Crimean-Congo hemorrhagic fever (CCHF) has repeatedly caused nosocomial outbreaks among hospital staff. In the summer of 2003, we studied the seroprevalence of anti-CCHF IgG among health care workers who had come in contact with Crimean-Congo hemorrhagic fever patients from three referral hospitals in endemic regions of Iran. A total of 223 eligible staff were examined. Whereas 5 of 129 (3.87%) exposed health care workers tested positive, none of the 94 in the unexposed group did (P=0.075). Seropositivity was more frequent among those whose intact skin had come in contact with nonsanguineous body fluids (9.52%) and those who had had percutaneous contacts (7.14%). Health care workers exposed to Crimean-Congo hemorrhagic fever patients, those who live in Systan-Baluchestan province, and older health care workers were more prone to seropositivity. Where introduction of high-risk modes of contact cannot be confined, we propose that health care workers take all the protective measures when handling Crimean-Congo hemorrhagic fever patients, particularly their blood and other body fluids.

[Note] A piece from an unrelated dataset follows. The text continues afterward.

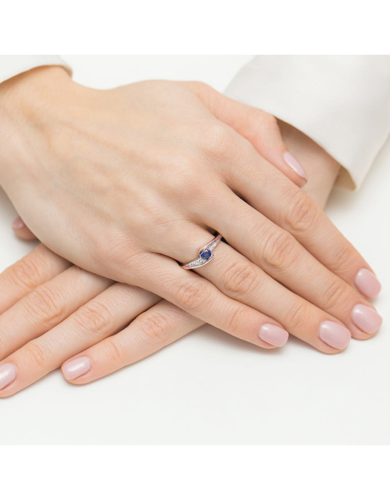 Bajeczny pierścionek wykonany z białego złota z przepięknym szafirem oraz lśniącymi brylantami w eleganckiej oprawie.

克里米亚-刚果出血热(CCHF)多次在医院工作人员中引发医院内感染暴发。2003年夏季,我们对来自伊朗疫区三家转诊医院、接触过克里米亚-刚果出血热患者的医护人员进行了抗CCHF IgG血清阳性率研究。共检查了223名符合条件的工作人员。129名暴露的医护人员中有5人(3.87%)检测呈阳性,而未暴露组的94人中无人检测呈阳性(P = 0.075)。血清阳性在那些完整皮肤接触过非血性体液的人(9.52%)和有过经皮接触的人(7.14%)中更为常见。接触过克里米亚-刚果出血热患者的医护人员、居住在锡斯坦-俾路支斯坦省的人员以及年长的医护人员更易出现血清阳性。在无法限制高风险接触方式引入的情况下,我们建议医护人员在处理克里米亚-刚果出血热患者,尤其是其血液和其他体液时采取所有防护措施。